Segment Open
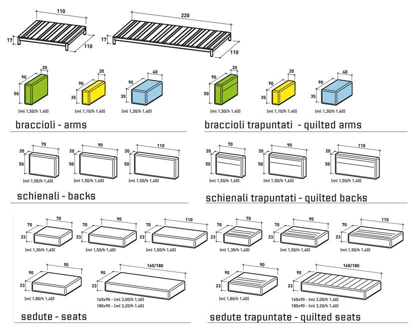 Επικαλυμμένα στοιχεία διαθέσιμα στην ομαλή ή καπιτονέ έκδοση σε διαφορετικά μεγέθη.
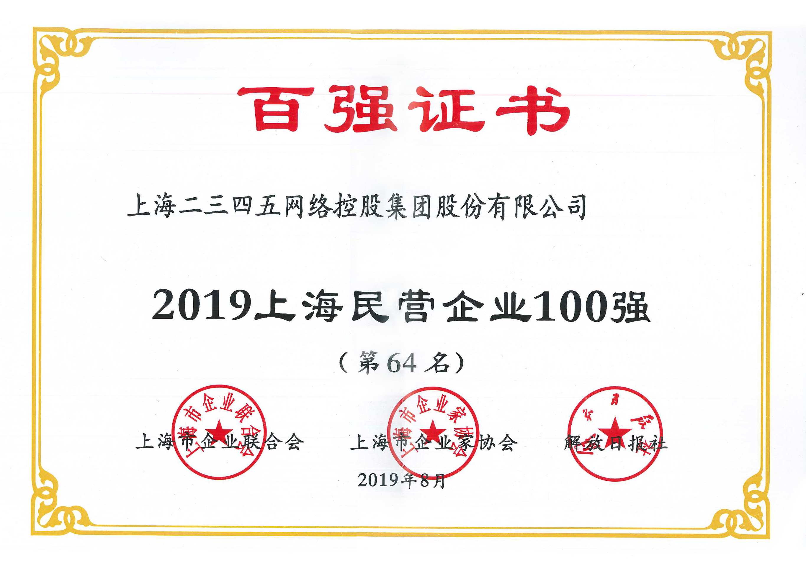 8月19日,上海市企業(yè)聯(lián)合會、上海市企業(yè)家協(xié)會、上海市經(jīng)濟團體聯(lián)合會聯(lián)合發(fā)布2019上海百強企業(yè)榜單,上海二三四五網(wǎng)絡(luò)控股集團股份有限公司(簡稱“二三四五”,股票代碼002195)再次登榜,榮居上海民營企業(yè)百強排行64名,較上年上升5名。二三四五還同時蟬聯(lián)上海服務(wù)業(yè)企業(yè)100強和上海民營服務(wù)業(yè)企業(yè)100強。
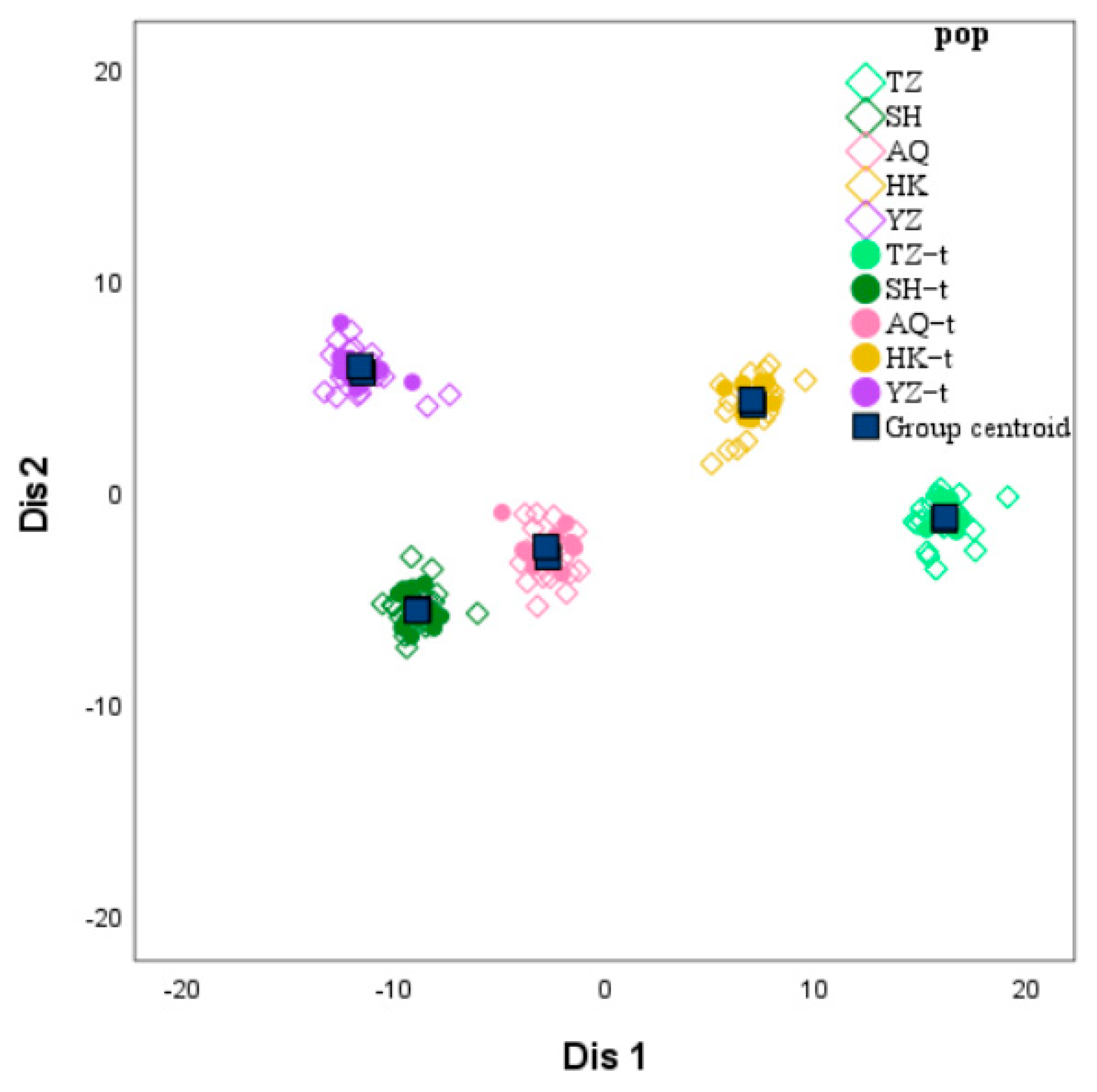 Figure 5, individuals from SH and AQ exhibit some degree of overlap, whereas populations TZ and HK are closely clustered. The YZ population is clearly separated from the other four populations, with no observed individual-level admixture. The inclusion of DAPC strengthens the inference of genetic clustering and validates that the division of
Segment Closed
Segment Open
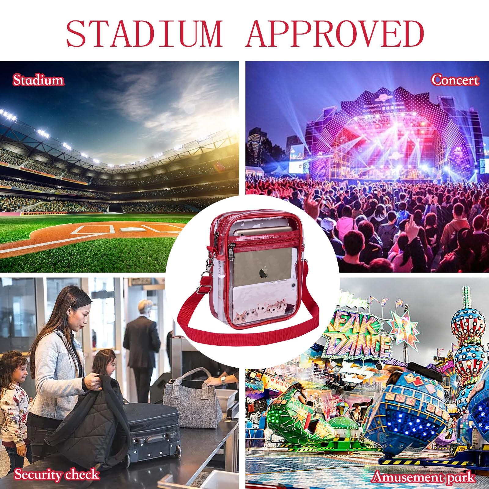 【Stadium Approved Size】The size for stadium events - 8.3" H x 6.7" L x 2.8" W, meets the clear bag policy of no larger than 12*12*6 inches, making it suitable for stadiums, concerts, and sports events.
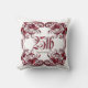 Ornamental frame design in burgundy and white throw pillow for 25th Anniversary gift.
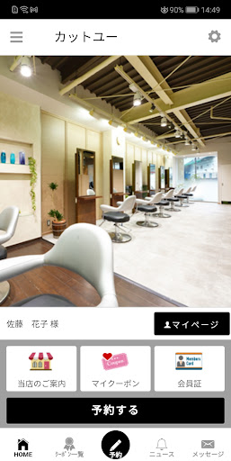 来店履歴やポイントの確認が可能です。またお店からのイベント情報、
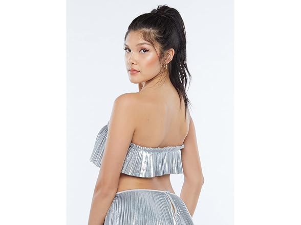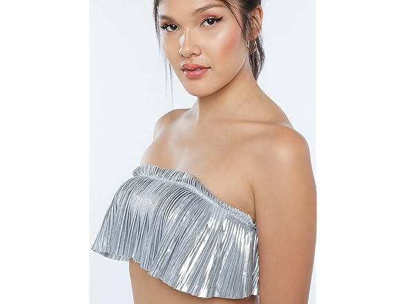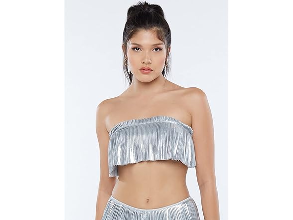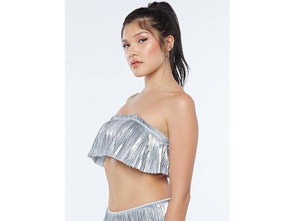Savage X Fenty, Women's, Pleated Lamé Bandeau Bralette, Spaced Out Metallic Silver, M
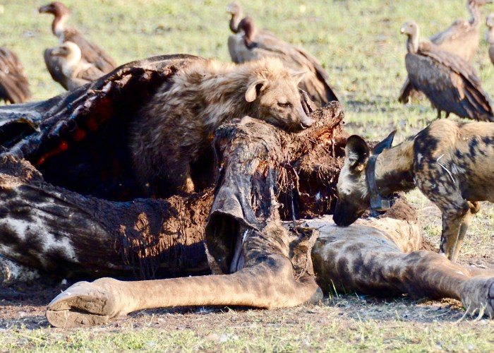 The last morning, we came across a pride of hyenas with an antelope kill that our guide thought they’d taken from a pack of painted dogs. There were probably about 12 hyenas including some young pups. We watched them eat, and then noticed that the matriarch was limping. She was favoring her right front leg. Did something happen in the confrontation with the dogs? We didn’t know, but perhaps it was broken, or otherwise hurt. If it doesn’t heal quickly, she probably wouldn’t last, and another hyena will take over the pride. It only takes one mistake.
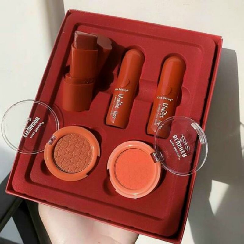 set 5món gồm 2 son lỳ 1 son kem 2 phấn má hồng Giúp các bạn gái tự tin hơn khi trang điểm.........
Segment Closed
→ Exercise prompt: Using the data above, retype exactly and only the lines from the one containing "Ornamental frame design" up to and including the one containing "Savage X Fenty, Women's, Pleated", with no pictures carried over.

→ Task response:
 Ornamental frame design in burgundy and white throw pillow for 25th Anniversary gift.
 来店履歴やポイントの確認が可能です。またお店からのイベント情報、
Savage X Fenty, Women's, Pleated Lamé Bandeau Bralette, Spaced Out Metallic Silver, M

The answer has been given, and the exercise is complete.